▸ Task details: Copy the data that appears below exactly. Drop the pictures.

▸ Dataset section:
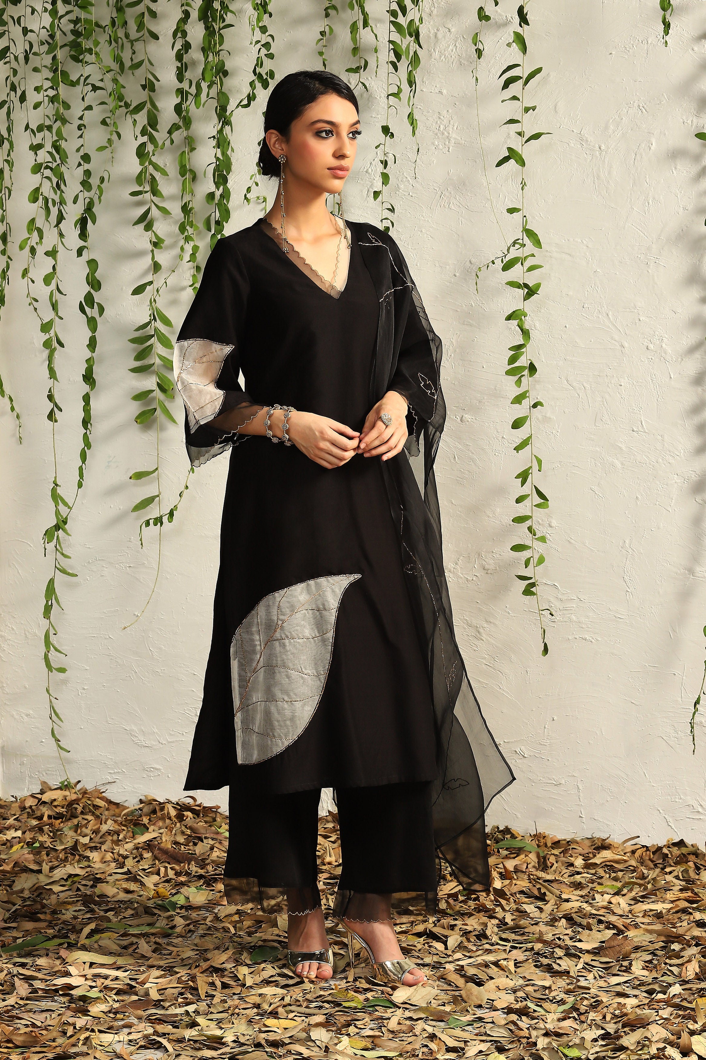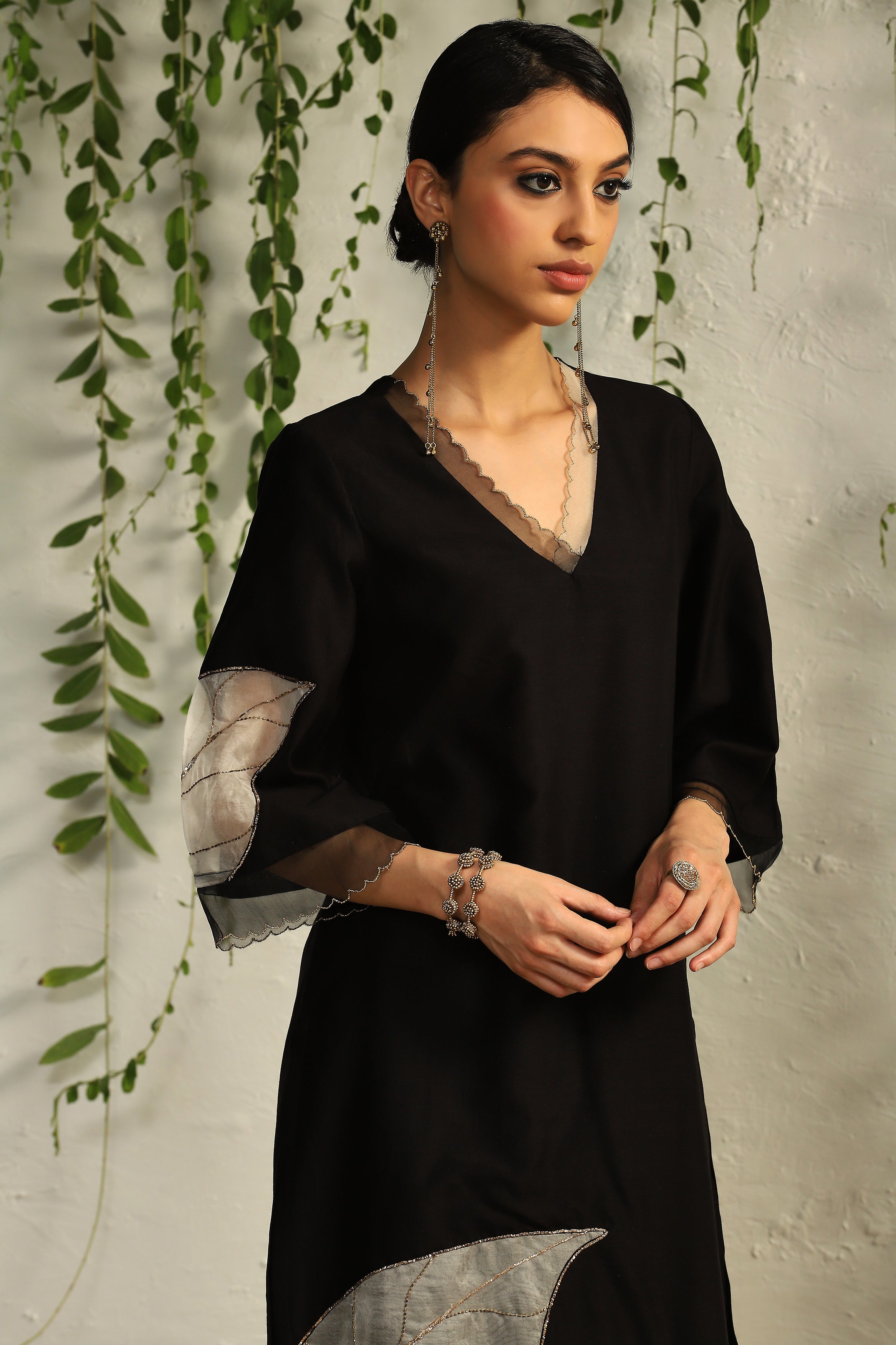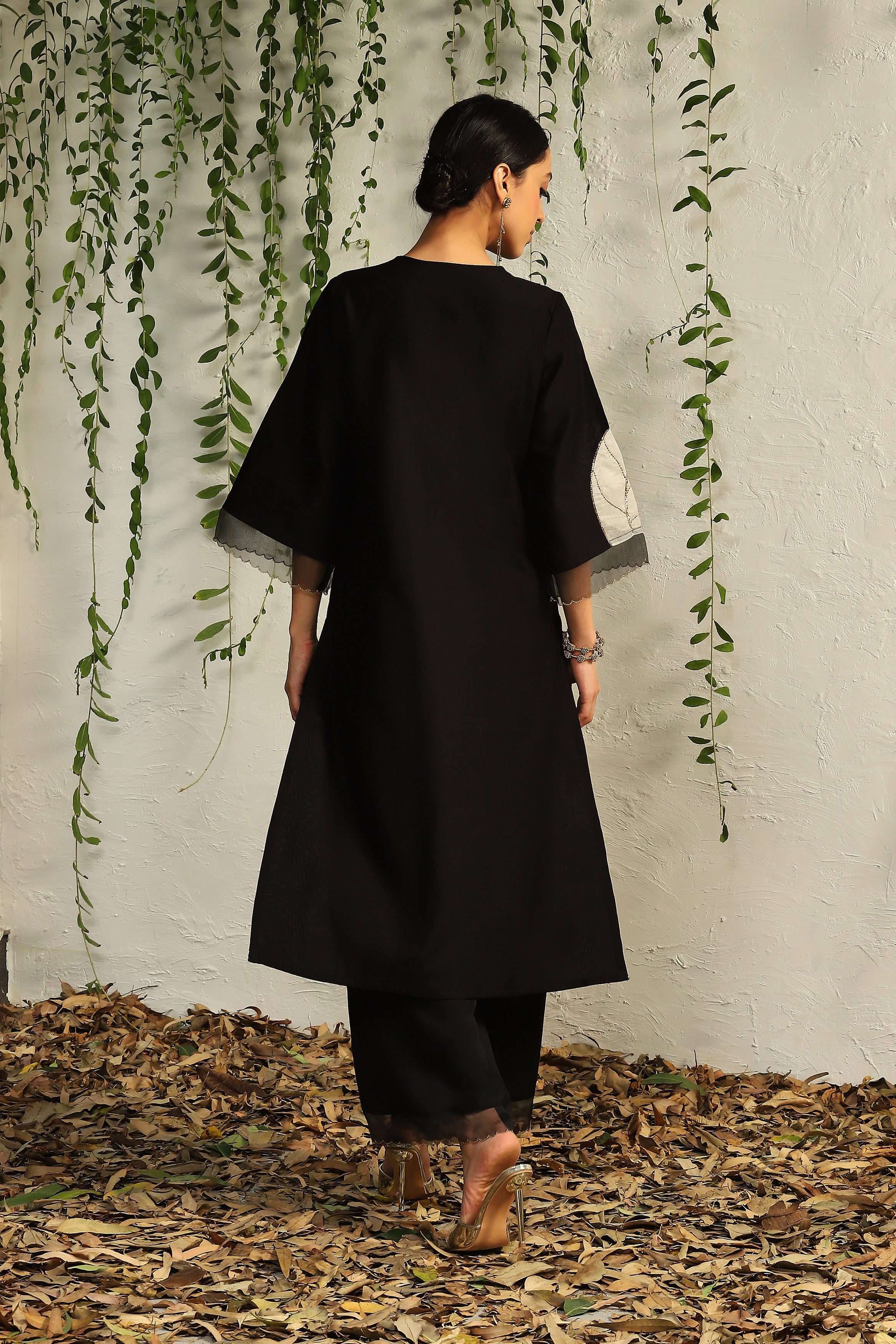 This Black kurta set in a straight silhouette with side slits and beautiful scalloped neckline is elegant and enchanting. Designed with intricate nakshi and zari gold hand embroidery and interplay of white contrast trims, this contemporary ensemble is ideal for your festive celebrations.
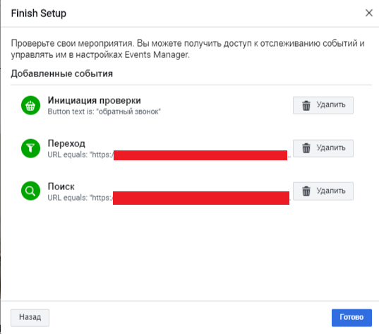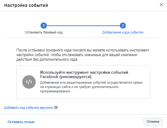 Если требуется отслеживать только посещения страницы «Спасибо за заказ», фиксировать добавление товара в корзину или открытие формы, то достаточно воспользоваться готовым инструментом Facebook. Начать настройку можно кликнув на «Настроить» — «Настроить новые события».
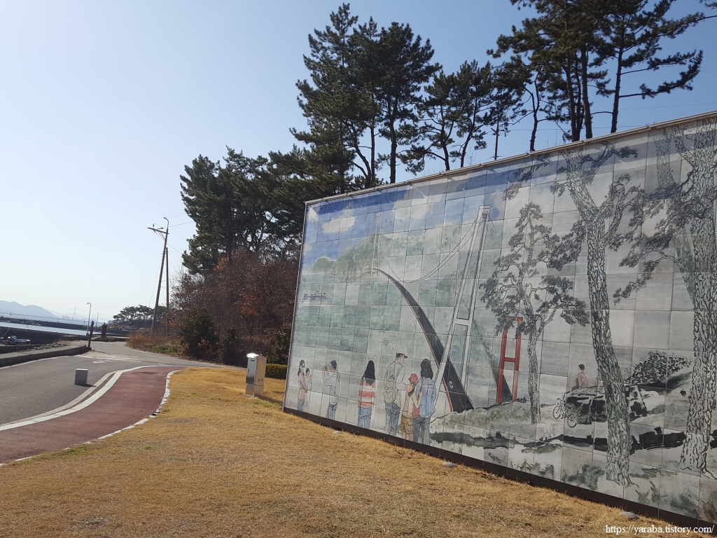 도자기 벽화는 끝자락에서 현대로 이어지며 노량대교와 남해대교, 나들이 나온 사람들이 등장하며 끝이 난다.
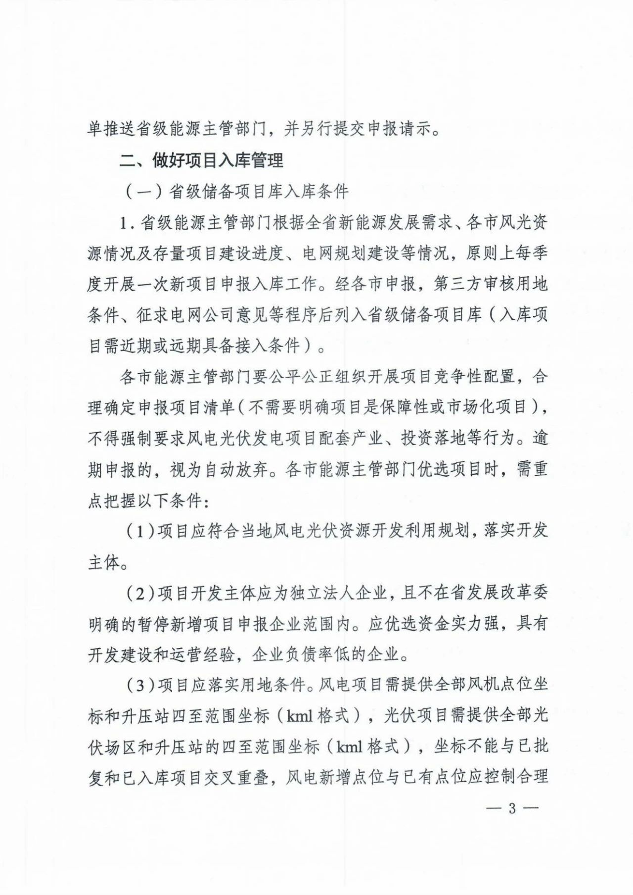 各市需公平開展項目競配,無需確定項目類型,但不得強制要求產業(yè)配套、投資落地等。項目應落實用地條件,風電項目需提供全部風機點位坐標和升壓站四至范圍坐標(kml格式),光伏項目需提供全部光伏場區(qū)和升壓站的四至范圍坐標(kml格式),坐標不能與已批復和已入庫項目交叉重疊。項目應承諾按要求配置儲能等調峰設施,入庫時不需要明確配置比例,出庫時按當年開發(fā)建設方案要求配置儲能。

▸ Response to the task:
 This Black kurta set in a straight silhouette with side slits and beautiful scalloped neckline is elegant and enchanting. Designed with intricate nakshi and zari gold hand embroidery and interplay of white contrast trims, this contemporary ensemble is ideal for your festive celebrations.
 Если требуется отслеживать только посещения страницы «Спасибо за заказ», фиксировать добавление товара в корзину или открытие формы, то достаточно воспользоваться готовым инструментом Facebook. Начать настройку можно кликнув на «Настроить» — «Настроить новые события».
 도자기 벽화는 끝자락에서 현대로 이어지며 노량대교와 남해대교, 나들이 나온 사람들이 등장하며 끝이 난다.
 各市需公平開展項目競配,無需確定項目類型,但不得強制要求產業(yè)配套、投資落地等。項目應落實用地條件,風電項目需提供全部風機點位坐標和升壓站四至范圍坐標(kml格式),光伏項目需提供全部光伏場區(qū)和升壓站的四至范圍坐標(kml格式),坐標不能與已批復和已入庫項目交叉重疊。項目應承諾按要求配置儲能等調峰設施,入庫時不需要明確配置比例,出庫時按當年開發(fā)建設方案要求配置儲能。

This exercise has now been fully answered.